**Record extracts:**
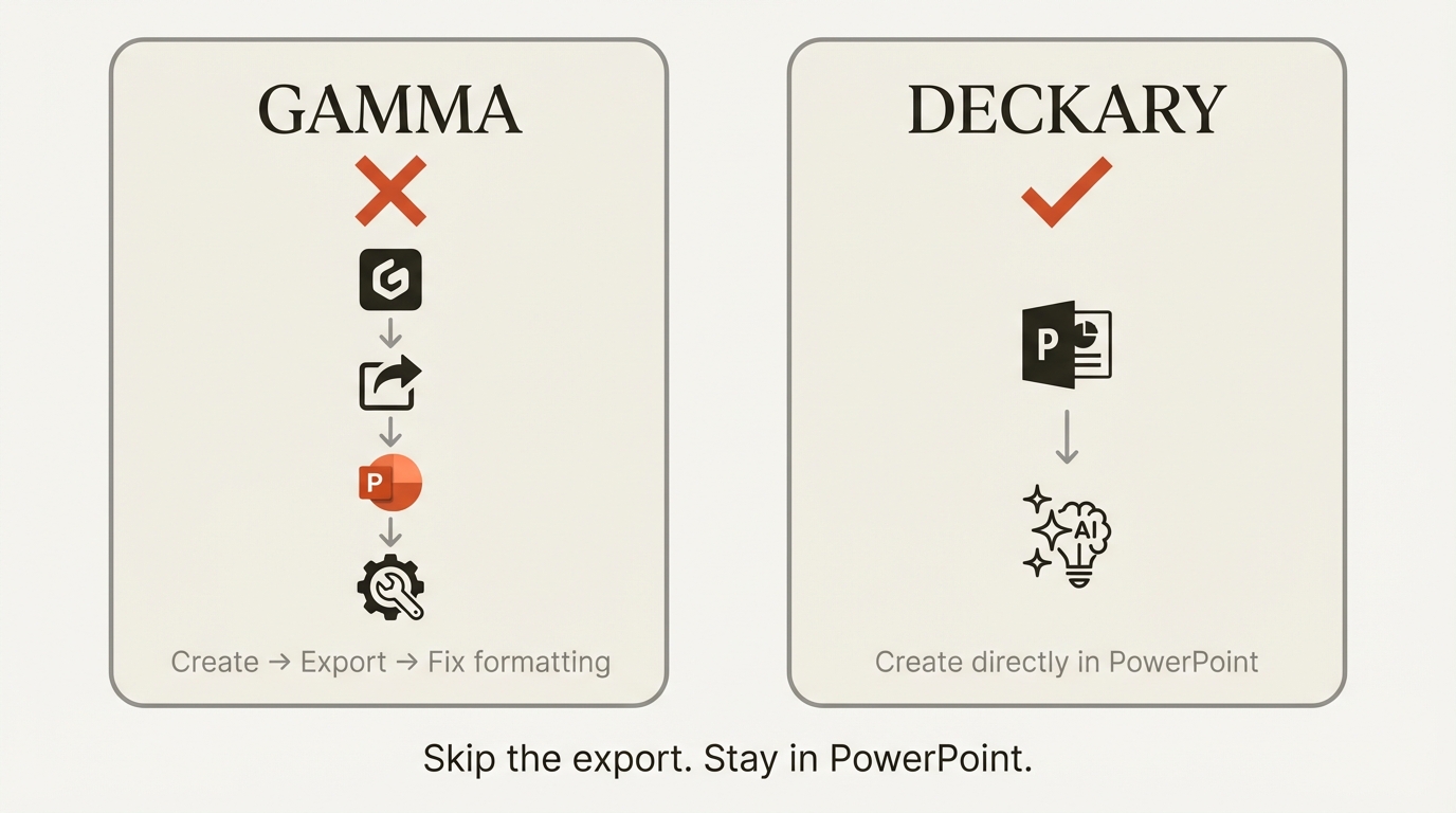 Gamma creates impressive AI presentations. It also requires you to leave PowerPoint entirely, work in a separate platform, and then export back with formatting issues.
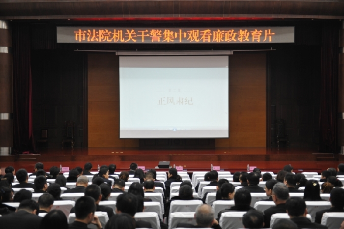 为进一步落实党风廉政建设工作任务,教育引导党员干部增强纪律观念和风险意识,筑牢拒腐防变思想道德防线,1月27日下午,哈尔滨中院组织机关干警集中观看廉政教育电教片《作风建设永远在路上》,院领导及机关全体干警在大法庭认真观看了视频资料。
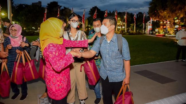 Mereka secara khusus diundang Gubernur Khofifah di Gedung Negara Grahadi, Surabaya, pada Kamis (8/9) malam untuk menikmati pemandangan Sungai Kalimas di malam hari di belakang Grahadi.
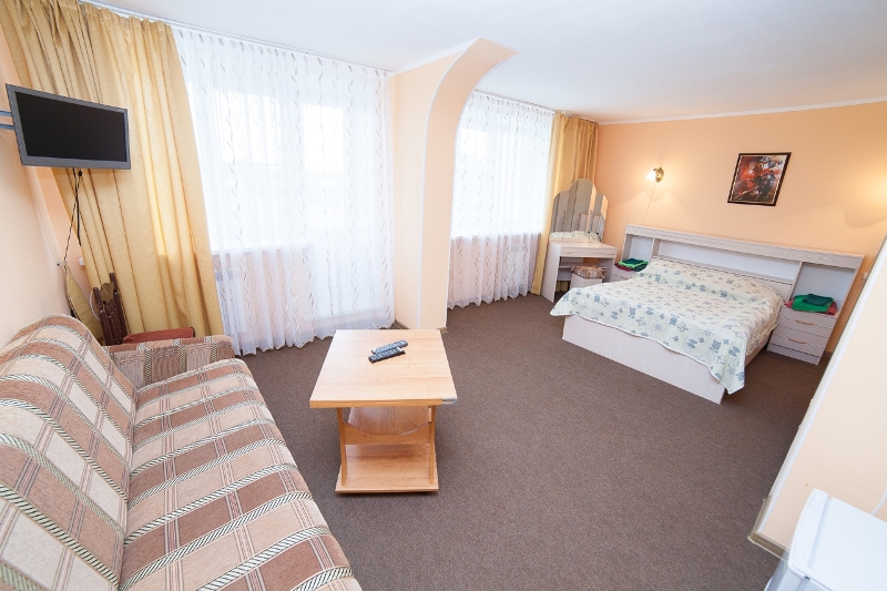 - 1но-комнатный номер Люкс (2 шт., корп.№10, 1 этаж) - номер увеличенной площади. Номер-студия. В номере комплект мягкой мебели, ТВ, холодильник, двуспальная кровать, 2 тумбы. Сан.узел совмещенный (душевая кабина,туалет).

---

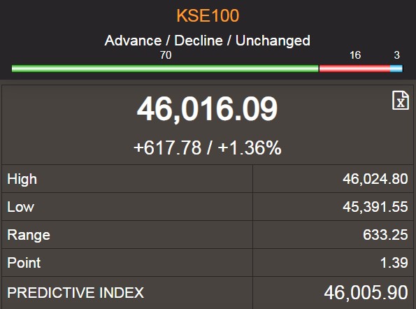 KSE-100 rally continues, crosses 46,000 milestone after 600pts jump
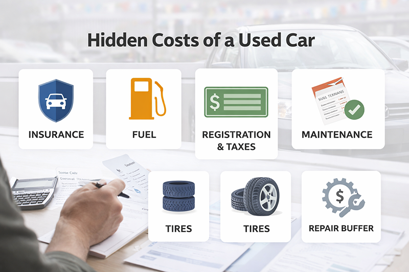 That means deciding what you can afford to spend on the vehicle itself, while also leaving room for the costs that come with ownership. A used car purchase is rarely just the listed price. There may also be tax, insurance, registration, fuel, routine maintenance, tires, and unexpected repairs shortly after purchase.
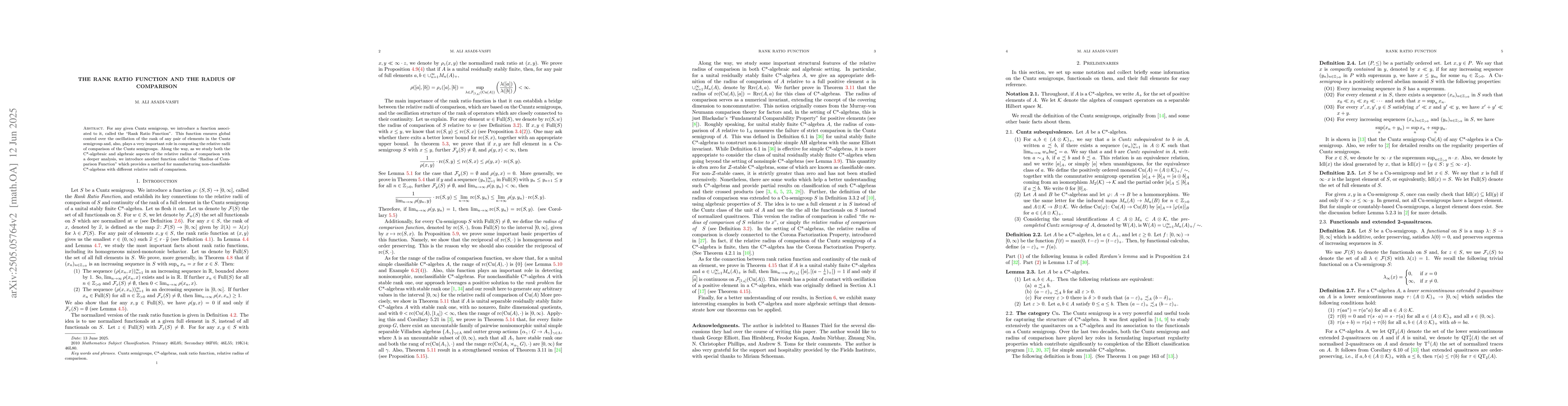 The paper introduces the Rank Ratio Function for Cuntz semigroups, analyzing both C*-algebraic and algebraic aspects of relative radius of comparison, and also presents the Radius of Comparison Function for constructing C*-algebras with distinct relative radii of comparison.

* * *

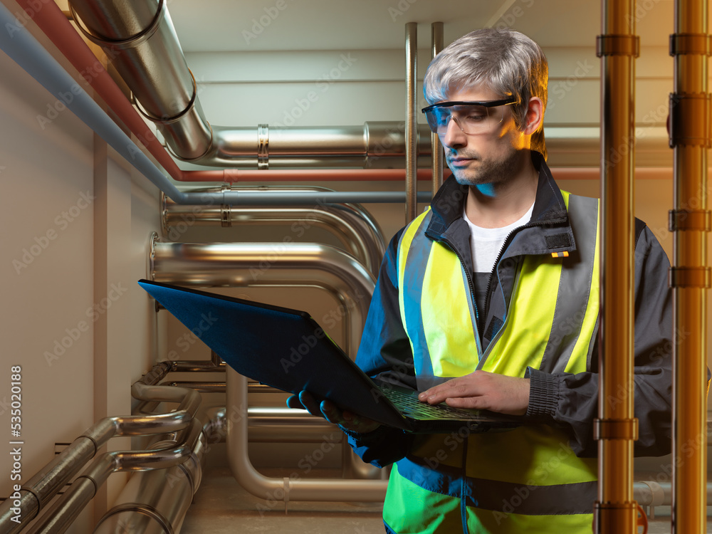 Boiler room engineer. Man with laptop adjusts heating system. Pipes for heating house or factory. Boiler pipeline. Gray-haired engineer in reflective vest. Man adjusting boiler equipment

**Task goal:** The answer must be the lines above from the one containing "Gamma creates impressive" through the one containing "- 1но-комнатный номер", reproduced exactly, with no pictures and nothing else.

**Answer section:**
 Gamma creates impressive AI presentations. It also requires you to leave PowerPoint entirely, work in a separate platform, and then export back with formatting issues.
 为进一步落实党风廉政建设工作任务,教育引导党员干部增强纪律观念和风险意识,筑牢拒腐防变思想道德防线,1月27日下午,哈尔滨中院组织机关干警集中观看廉政教育电教片《作风建设永远在路上》,院领导及机关全体干警在大法庭认真观看了视频资料。
 Mereka secara khusus diundang Gubernur Khofifah di Gedung Negara Grahadi, Surabaya, pada Kamis (8/9) malam untuk menikmati pemandangan Sungai Kalimas di malam hari di belakang Grahadi.
 - 1но-комнатный номер Люкс (2 шт., корп.№10, 1 этаж) - номер увеличенной площади. Номер-студия. В номере комплект мягкой мебели, ТВ, холодильник, двуспальная кровать, 2 тумбы. Сан.узел совмещенный (душевая кабина,туалет).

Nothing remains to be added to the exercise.